Hierzu misst man relevante kulturelle Unterschiede: Im arabischen Raum stehen Personen des gleichen Geschlechts wesentlich enger beieinander, bis auf 30cm nah und berühren sich oft im Gespräch an Ärmel, Schulter oder Hand. Südeuropäer und Lateinamerikaner kommen sich ebenso räumlich näher als Nordamerikaner. Ostasiaten stehen im Gespräch, so es der Platz erlaubt, noch weiter auseinander.
Kompliziert wird’s im transkulturellen Umgang miteinander, z.B. wenn wir unsere asiatisch stämmigen Angehörigen, die seit Jahrzehnten in Mexico City leben, treffen: Verbeugen, Handschlag, Umarmen oder Busseln? Wie machen wir das mit deren Kindern und den Senioren richtig?
Apropos Senioren: Meine Überschrift mahnt zum Kernthema:
Weltweit erlauben – oder suchen – Kinder und Senioren wesentlich engere Distanzen zu den Gesprächspartnern, belegt die Proxemik mit interkulturellen Studien. Gut zu wissen: Wenn Kinder also von der Schmusedistanz abrücken, können wir das als Zeichen der Reife deuten. Auch umgekehrt wird ein Schuh daraus: Wenn Senioren aktiv die von anderen Erwachsenen gefühlte Fluchtdistanz unterschreiten, mag dies ein deutliches Alterungssignal sein; nicht nur wegen Schwerhörigkeit oder Kurzsichtigkeit, sagen die Proxemiker.
Insofern tun sich Enkel auf dem Schoss der Grosseltern einen gegenseitigen Gefallen – beide Generationen genießen die Nähe. z.B. beim Vorlesen aus “Tausendundeine Nacht”, mit arabisch-indischen Wurzeln. Hat doch alles sein Gutes, nicht wahr?
Ihr Global Oldie
* Sehr zu empfehlen u.a.: „Beyond Culture“ 1976, von Edward T. Hall, der damit die Proxemik entwickelte.
Für Nordamerika und Nordeuropa hat die Proxemik folgende Distanzkreise im Sichtfeld ermittelt:
0,0 – 0,6 Meter: die Intimzone (s.o.)
0,6 – 1,5 Meter: die persönliche Zone
1,5 – 4 Meter : die soziale Zone
4 Meter und weiter: die öffentliche Zone
Heute gilt Proxemik als Unterkategorie der nonverbalen Kommunikation.
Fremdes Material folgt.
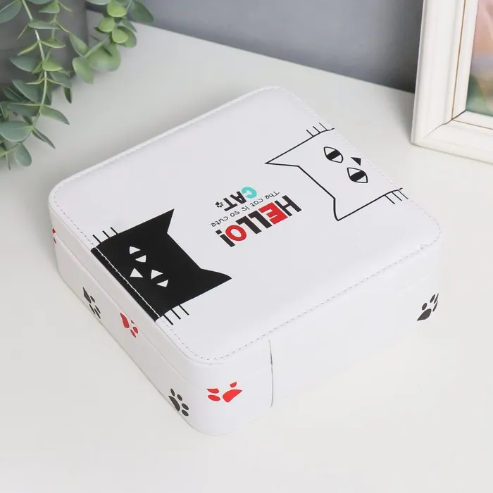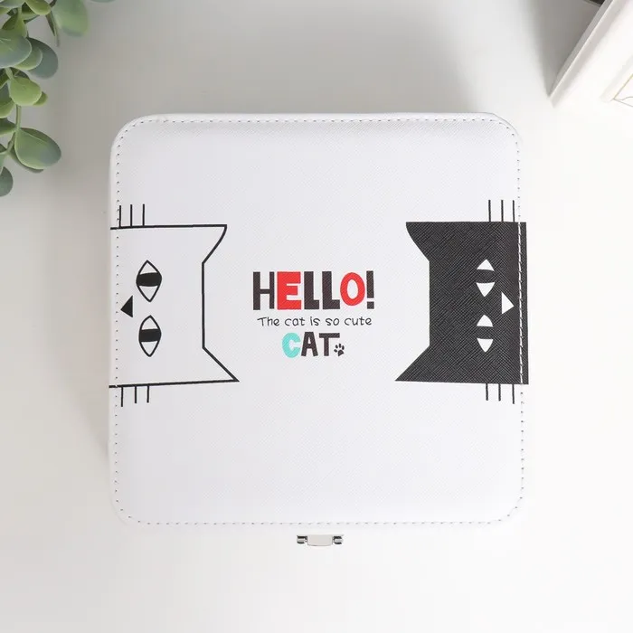 Шкатулка для украшений «Чёрный и белый кот», с зеркалом, искусственная кожа, с замком, 6.5×18×18 см — Характеристики
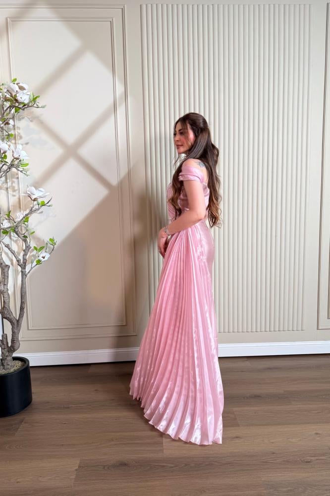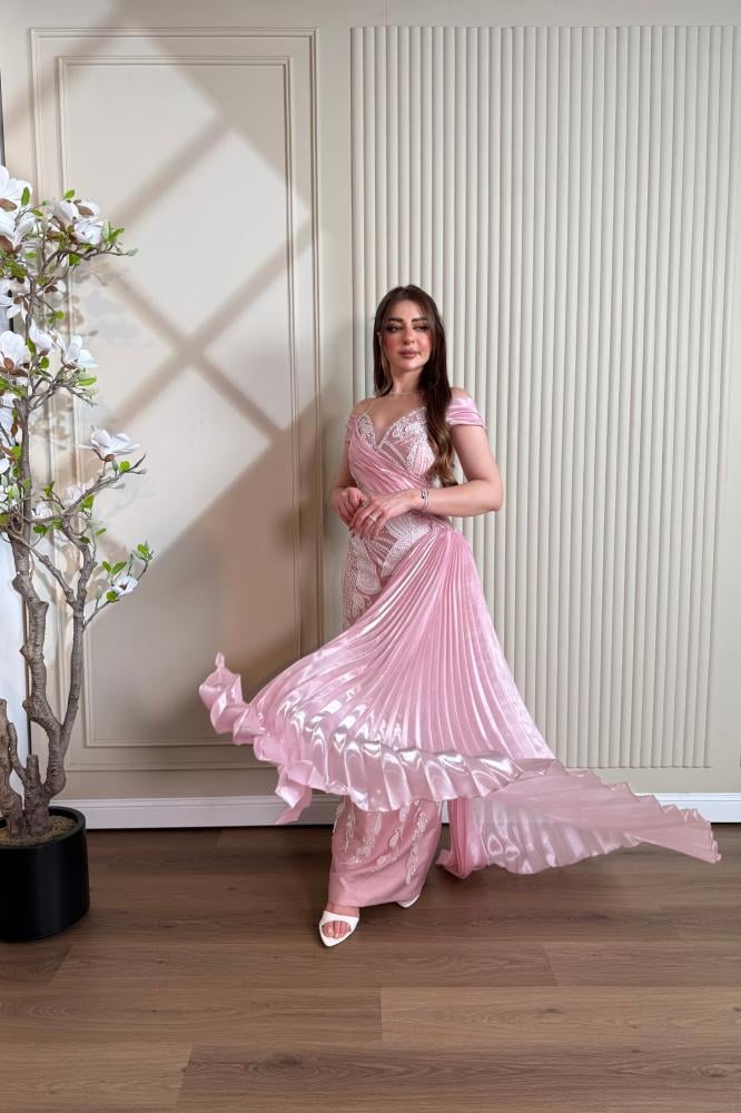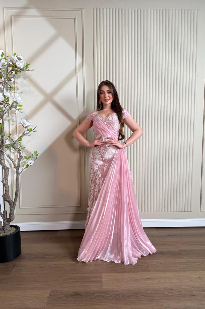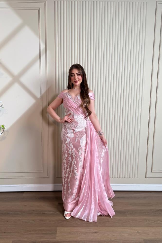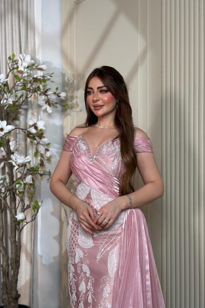 تميّزي بإطلالة ساحرة مع هذا الفستان الوردي المترف من فيونا فاشن، المصمم بقصة انسيابية راقية وتفاصيل مطرزة بدقة . تطريزات بيضاء مستوحاة من الزخارف النباتية تضيف له لمسة ناعمة وراقية، بينما ينسدل القماش الساتان ليوفر حركة جذابة وساحرة..
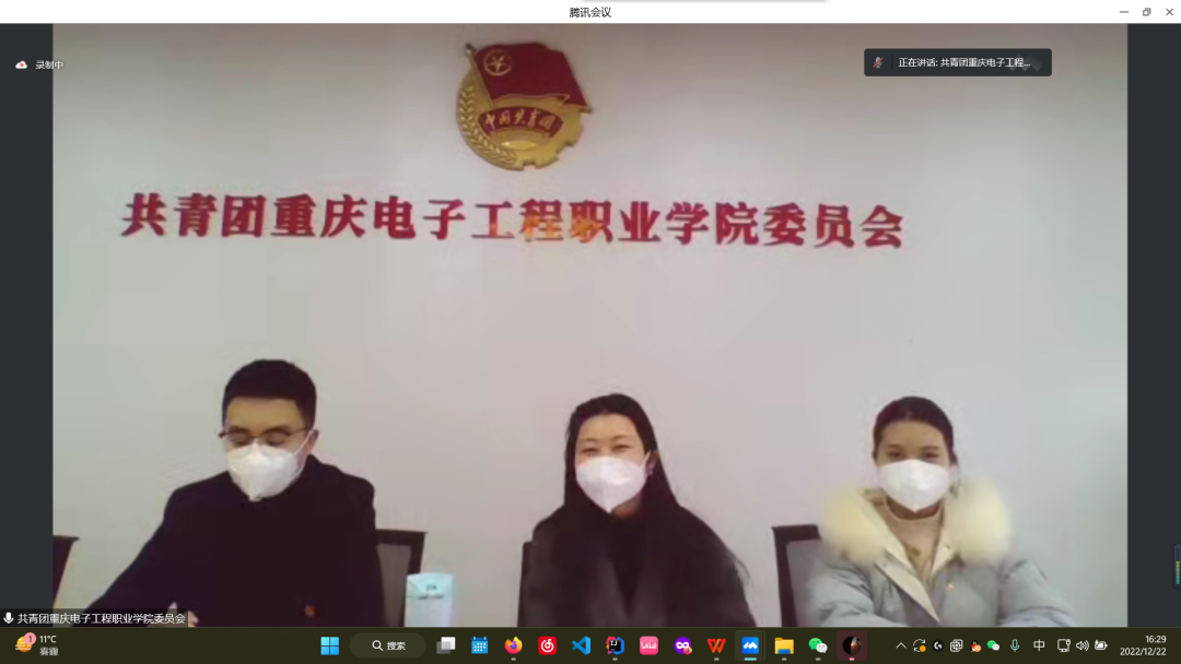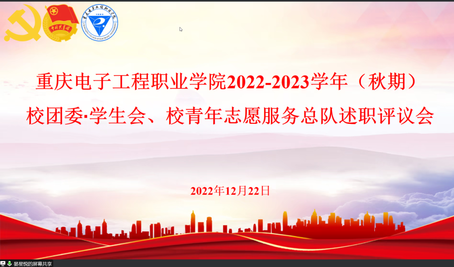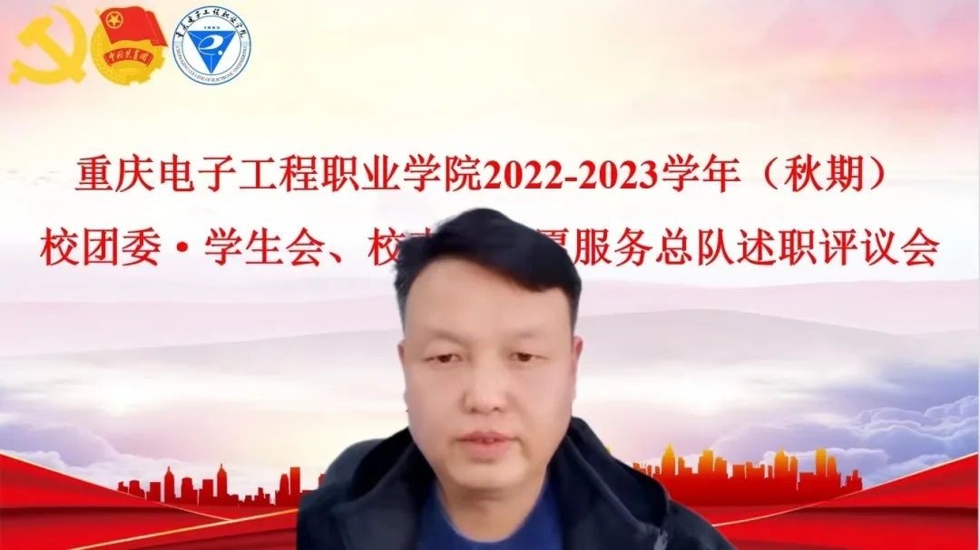 为深学笃用习近平新时代中国特色社会主义思想,深入贯彻落实党的二十大精神,全面落实团学改革相关工作要求,加强学生组织内部建设,推动学生组织持续发展。12月22日下午,重庆电子工程职业学院2022—2023学年(秋期)校团委·学生会、校青年志愿服务总队述职评议会于线上顺利举行。党委学生工作部副部长蒋斌,校团委副书记、学生会秘书长范可佳,校团委专职干部张颖、唐吕骏驰,二级学院团总支书记出席会议,重庆科技学院学生代表李月琪、述职学生骨干、各学生工作部门工作人员代表和二级学院普通学生代表参加会议。本次述职评议会由晏星悦同学主持。
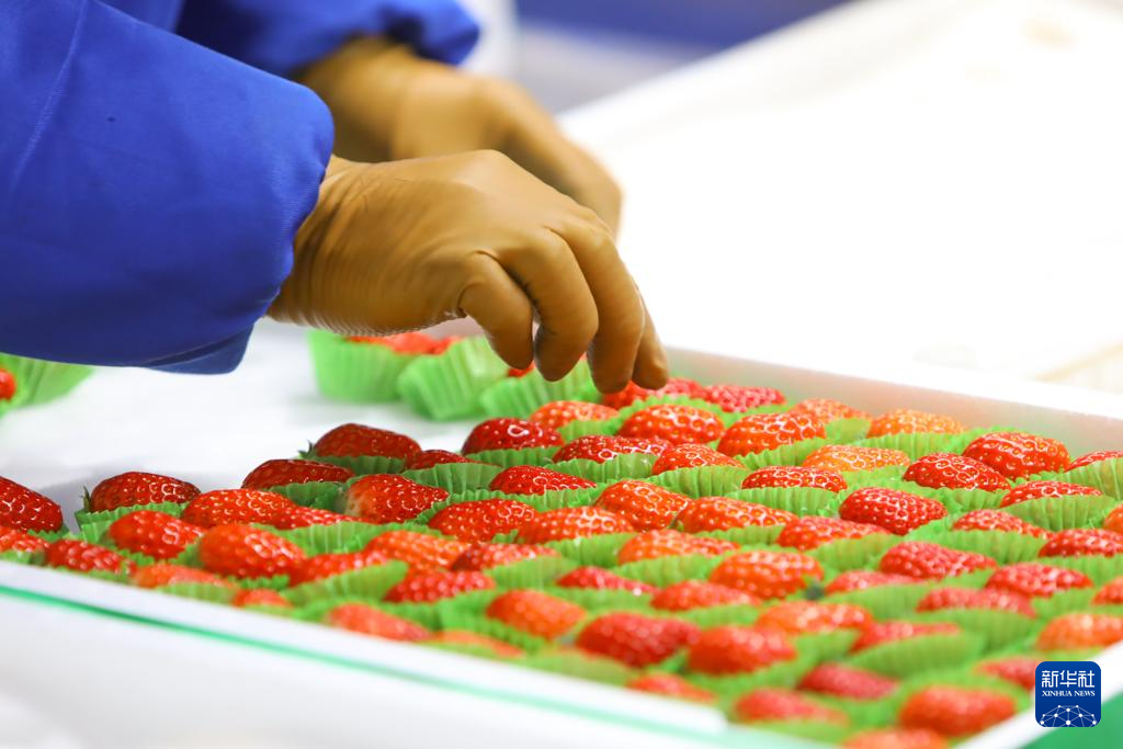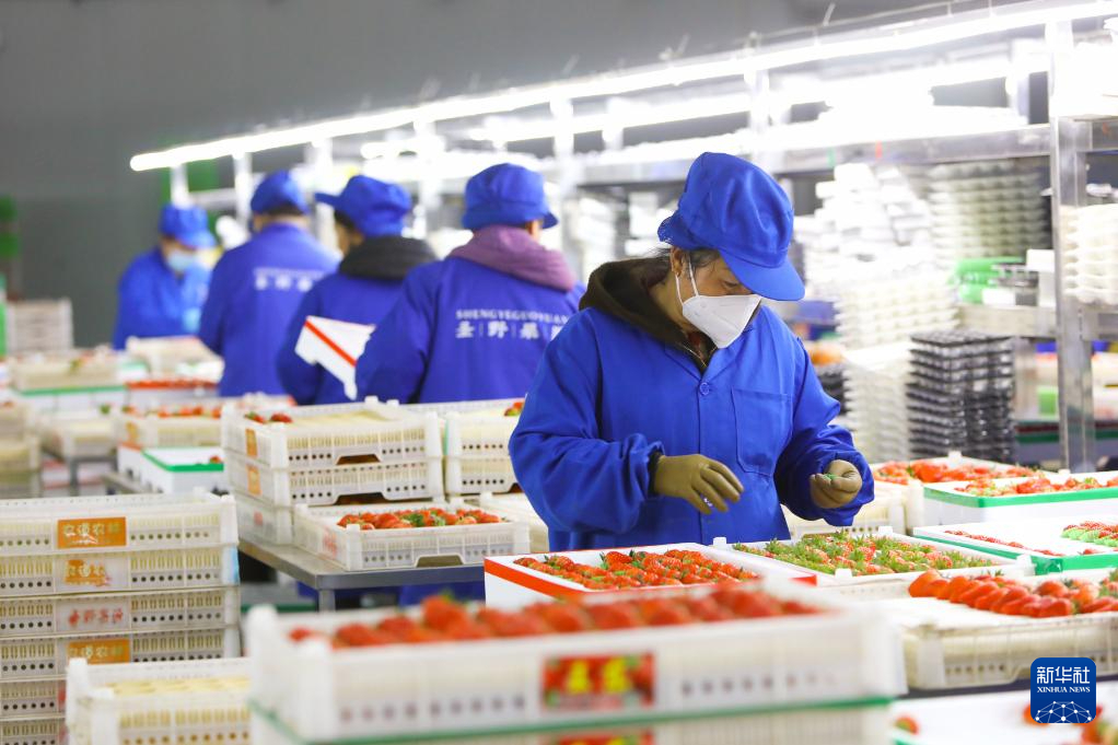12月7日,丹東市圣野漿果專業合作社的工作人員打包剛剛采摘的草莓。新華社記者 陳為 攝pagebreak
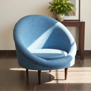 Modern Round Blue Velvet Accent Chair with Wooden Legs – RVJ Furnitures
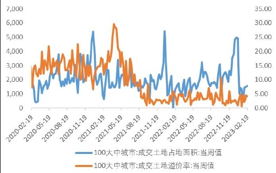 图表24:国内百大城市土地成交情况(万平方米,%)
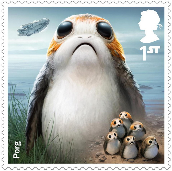 这套邮票包含8枚,由2015年那套邮票的画师Malcolm Tween绘制。票面上的8个人物分别是:《星战7》中首次出现的海盗玛兹·卡纳塔和第一秩序最高领袖斯诺克,星战系列经典角色楚巴卡,《星战8》中即将登场的鸟形萌系生物Porg,以及整个系列中出现的4个主要机器人角色——R2-D2、C-3PO、BB-8以及K-2SO。
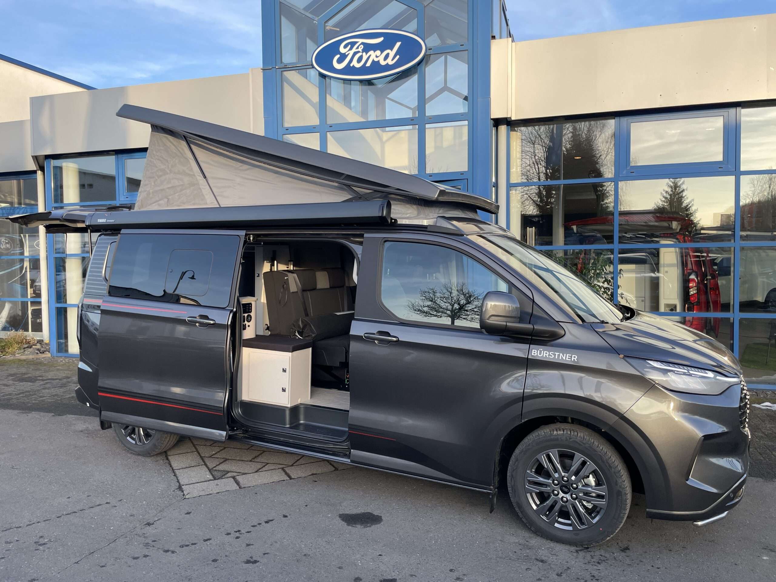 Innenraum-Küche seitlich im Fahrgastraum mit einer 47l Kühlschrank (davon 4,4l Gefrierfach), einem Zwei-Flamm-Gasherd samt Glasabdeckung, einer Arbeitsfläche, Edelstahlspülbecken, sowie Besteckschubladen und Staufächern.
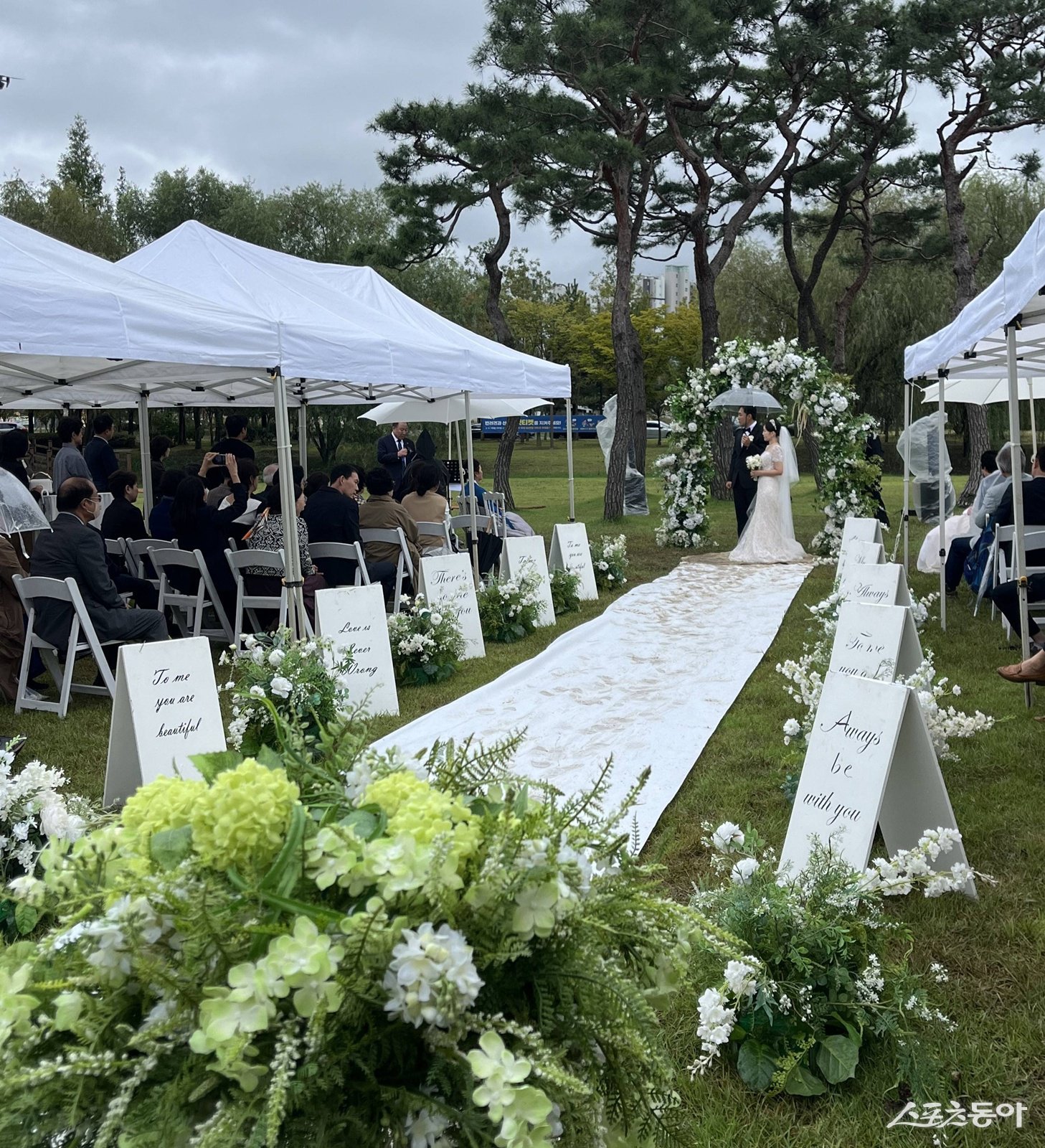 빛가람호수공원에서 열린 2호 커플의 예식은 가을비 속에서도 영화 ‘어바웃타임’을 떠올리게 하는 따뜻한 분위기 속에 진행됐다.
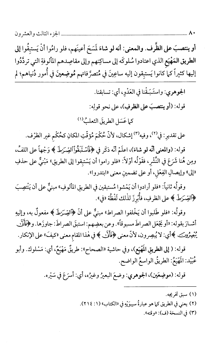 وقوله ثانيًا: "فلو أرادوا أن يمشوا مستبقين في الطريق المألوف" مبني على أن ينتصب {الصِّرَاطَ} على الظرف، فأبرز لذلك لفظة "في".
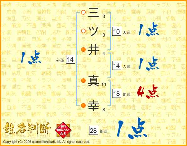 三ツ井真幸さんの地運は18画の4点!
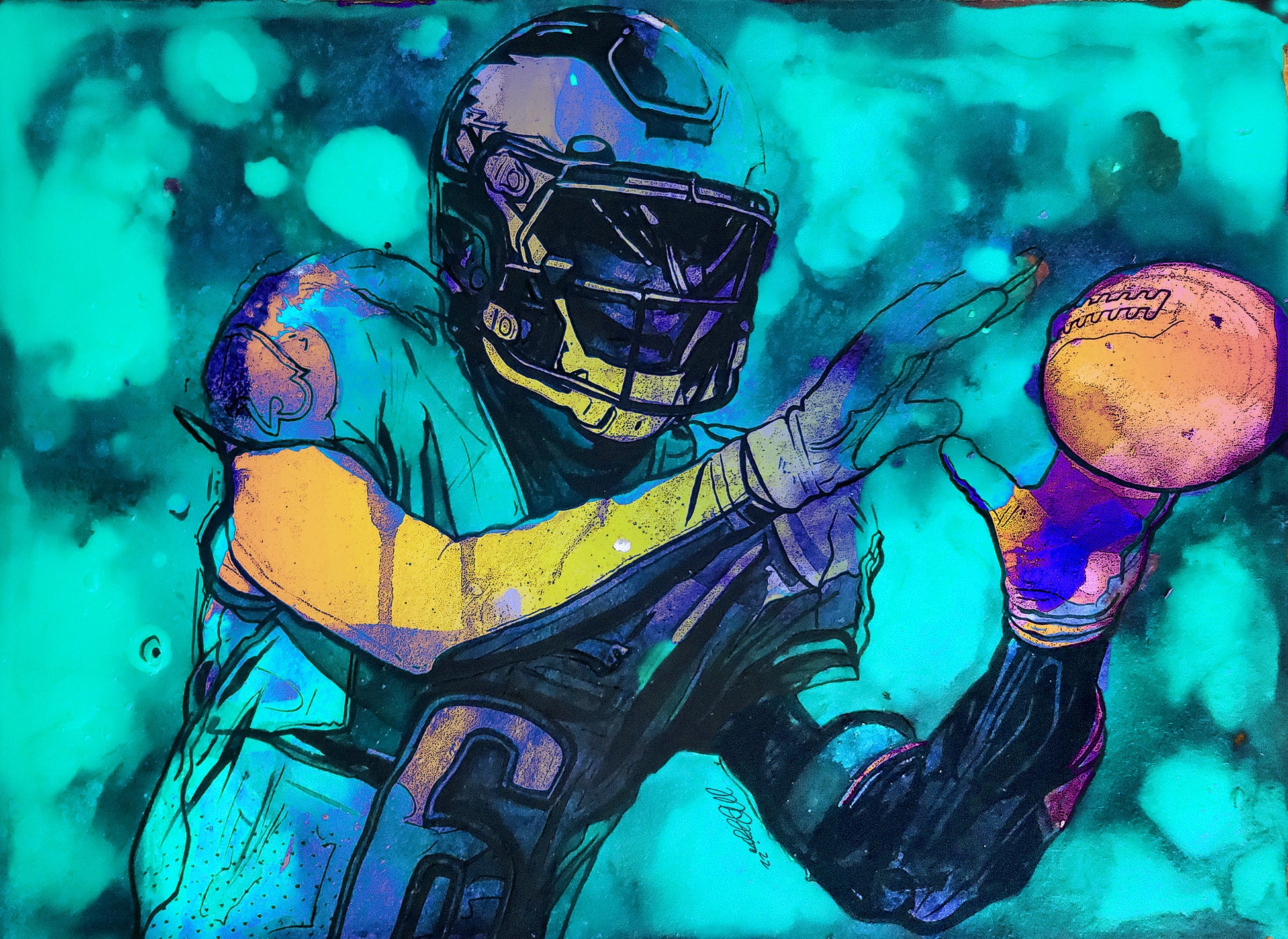 Celebrate the exceptional talent of Eagles superstar Devonta Smith with these finely crafted watercolor prints. Printed on high-quality rag watercolor paper, each piece showcases vibrant colors and intricate brushwork that capture Smith’s agility and dynamic presence on the field. These prints offer a sophisticated tribute for collectors and fans alike, blending artistic excellence with the spirit of one of football’s most exciting players. Perfect for display in any setting, this artwork honors Devonta Smith’s impact and rising legacy within the Philadelphia Eagles organization.

Nonverbales soll immerhin, je nach Kontext, über 50% der Wirkung eines Gesprächs erzielen. Dazu vielleicht mal mehr an anderer Stelle, was das für den Dialog zwischen den Generationen bedeutet.

2 Antworten

  1. lieber global oldie, in unseren senioren-tanzkreisen wird umarmt zur begrüßung, wer nicht will, ist auch i.o
    ich glaube, kontakt ist eine temprament-sache. und ich falle direkt auf, weil ich schon immer auf menschen zugegangen bin. aber dies ist meine art und ich hatte damit noch keine probleme. lächle den menschen an, denn es kann sein, daß dieses lächeln das EINZIGE ist was er an diesem tag bekommt.

  2. Wirklich interessant. Es gibt aber auch innerhalb Europas deutliche Unterschiede. Ich denke an die Franzosen, die sich immer mit einem Küsschen begrüßen. Auch Menschen, die gesellchaftlich auf der Höhe der Zeit sind, bevorzugen das angedeutete Küsschen rechts und links von der Wange.
    Ich meine, es spielt zudem eine Rolle, ob man sich sympathisch ist oder nicht. Unsympathische Menschen hält man gerne auf Distanz.